- Kamneva in 1934
- Born: 1916 Russian Empire
- Died: 1973 (aged 56–57) Moscow, Soviet Union
- Awards: Order of Lenin

= Nina Kamneva =

Soviet athlete and military engineer

Nina Alekseevna Kamneva (Нина Алексеевна Камнева; 1916 – 1973) was a Soviet athlete and military engineer. She was best known for breaking the world record for a free fall parachute jump in 1934.

==Biography==
Kamneva was a military engineer who finished her career with the rank of Colonel. Kamneva was born in 1916 in the Russian Empire. She attended the Moscow Central Institute of Physical Education. Interested in skydiving Kamneva became one of the first instructors in the Central School of Osoaviakhim, with Tamara Ivanova and Lyuba Berlin. In 1933 at the Túshino Aerodrome she was the first woman to jump from a Polikarpov Po-2 aircraft. On 13 August 1934, she broke the women's world record for free fall.
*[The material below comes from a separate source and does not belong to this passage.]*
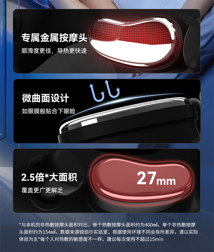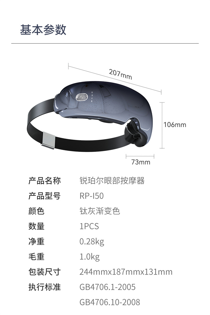 锐珀尔眼部按摩器RP-I50,根据国人眼型设计,机身弧度更贴合眼眶,贴心预留立体凹槽,保护眼球,按摩后视力不模糊,自带应急可视窗,可舒缓全黑密闭焦虑感;内置大自然的场景音效,让眼睛和心灵双重放松,还有蓝牙连接,可以随心听歌、听书等,更多神奇功能,等待您亲自试戴发现……

Kamneva jumped from 2,750 meters only opening the parachute at 250 meters up. She was in free fall for 58 seconds. Kamneva was the first skydiver to be awarded the title of "USSR Skydiving Master". She completed her studies at the Zhukovsky Military Air Academy and worked as a paratrooper trainer for Soviet army personnel at the Chkalov Academy.

She died in 1973, in Moscow, in the Soviet Union.